◆ **TASK TO CARRY OUT**: Starting at the line with "Fernand Leger lithograph, 1953", retype every remaining line of the records exactly. Do not include pictures.

=== Section Start ===

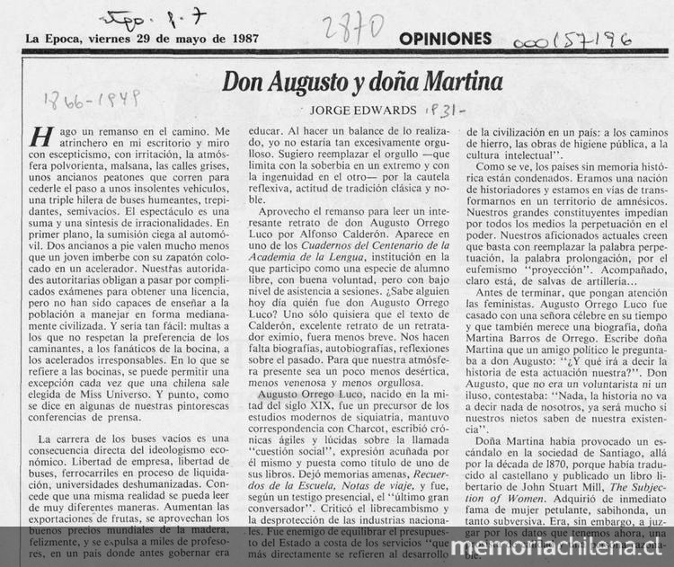 La Época. Santiago : Impresiones y Comunicaciones, 1987-1998 (Santiago : Impasa) 273 volúmenes, (29 mayo 1987), página 7
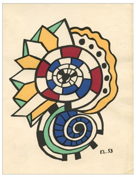 Fernand Leger lithograph, 1953 - Medium: lithograph (after the gouache). Executed by Leger in 1953 and printed in Paris by Mourlot in 1956 for the cover of an exhibition catalogue. Size: 8 x 6 inches (203 x 155mm) on wove paper. -Professionally Framed & Matted - Comes With Certificate - -
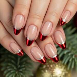 French tips meet Christmas glam! Instead of the classic white, opt for metallic red tips with a glitter outline.
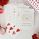 Send sweet valentines to your loved ones, classmates, co-workers, neighbors, and more. The mini valentine cards feature a charming watercolor illustration of valentine-y items on the top with space to fill in 'to' and 'from'. Sweet little envelopes and heart stickers for sealing are included.
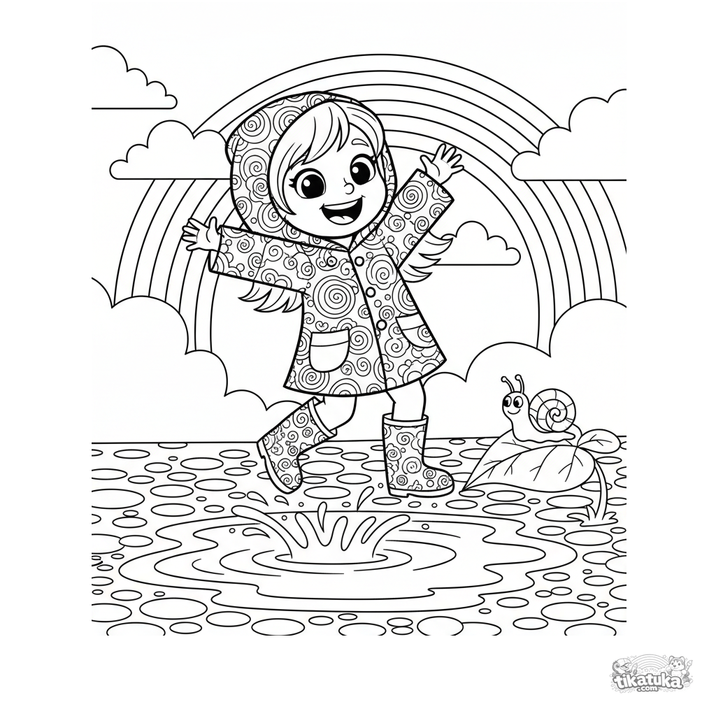 Lustiges Ausmalbild für Mädchen von 4-6 Jahren: Ein Mädchen in einem hellen Regenmantel springt in eine Pfütze unter einem Regenbogen. Klare Szene mit positiver Stimmung.
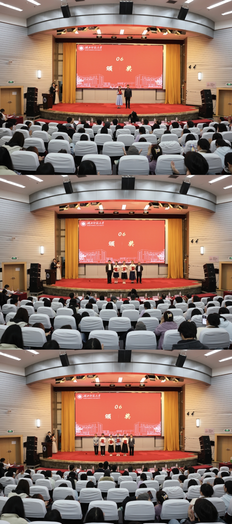院长李治平宣读了yl9193永利集团2026年樱花诗词节学风建设系列活动表彰决定,现场公布了本次朗诵比赛最终获奖名单,共评选出一等奖1项、二等奖3项、三等奖4项,与会领导、嘉宾为获奖队伍现场颁奖。
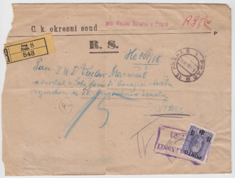 jednoznámková frankatura na soudním dopise, PRAHA 23.II.18; křížem přeloženo
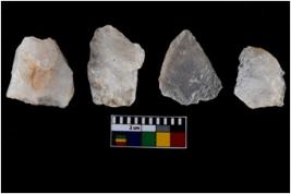 | Description / विवरण | There are n-4 of intact utilized flakes made up of Chert. Some of them have bulge of percussion, some are flat flakes and few are retouched. |
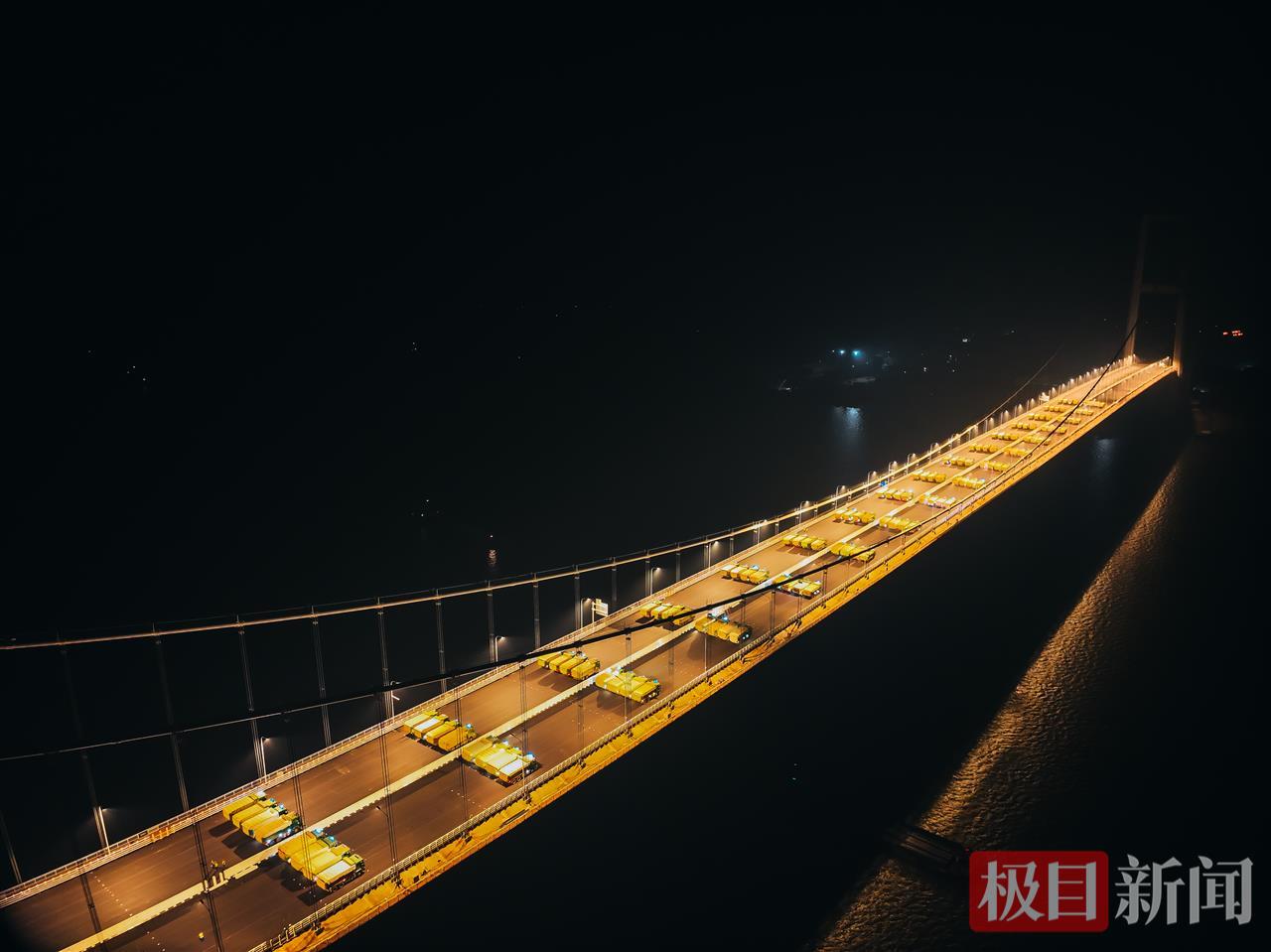 本次荷载试验由中铁大桥科学研究院全程主导,全面验证大桥的结构性能。试验自12月18日晚启动,包含初始状态调查、静载试验和动载试验三个部分,全桥共布设292个应力测点、50余个位移测点及30余个索力测点,对主梁挠度、应变分布、桥塔偏位、吊索索力等关键指标进行实时监测。

=== Section End ===

◆ **ANSWER SPACE**:
 Fernand Leger lithograph, 1953 - Medium: lithograph (after the gouache). Executed by Leger in 1953 and printed in Paris by Mourlot in 1956 for the cover of an exhibition catalogue. Size: 8 x 6 inches (203 x 155mm) on wove paper. -Professionally Framed & Matted - Comes With Certificate - -
 French tips meet Christmas glam! Instead of the classic white, opt for metallic red tips with a glitter outline.
 Send sweet valentines to your loved ones, classmates, co-workers, neighbors, and more. The mini valentine cards feature a charming watercolor illustration of valentine-y items on the top with space to fill in 'to' and 'from'. Sweet little envelopes and heart stickers for sealing are included.
 Lustiges Ausmalbild für Mädchen von 4-6 Jahren: Ein Mädchen in einem hellen Regenmantel springt in eine Pfütze unter einem Regenbogen. Klare Szene mit positiver Stimmung.
院长李治平宣读了yl9193永利集团2026年樱花诗词节学风建设系列活动表彰决定,现场公布了本次朗诵比赛最终获奖名单,共评选出一等奖1项、二等奖3项、三等奖4项,与会领导、嘉宾为获奖队伍现场颁奖。
 jednoznámková frankatura na soudním dopise, PRAHA 23.II.18; křížem přeloženo
 | Description / विवरण | There are n-4 of intact utilized flakes made up of Chert. Some of them have bulge of percussion, some are flat flakes and few are retouched. |
 本次荷载试验由中铁大桥科学研究院全程主导,全面验证大桥的结构性能。试验自12月18日晚启动,包含初始状态调查、静载试验和动载试验三个部分,全桥共布设292个应力测点、50余个位移测点及30余个索力测点,对主梁挠度、应变分布、桥塔偏位、吊索索力等关键指标进行实时监测。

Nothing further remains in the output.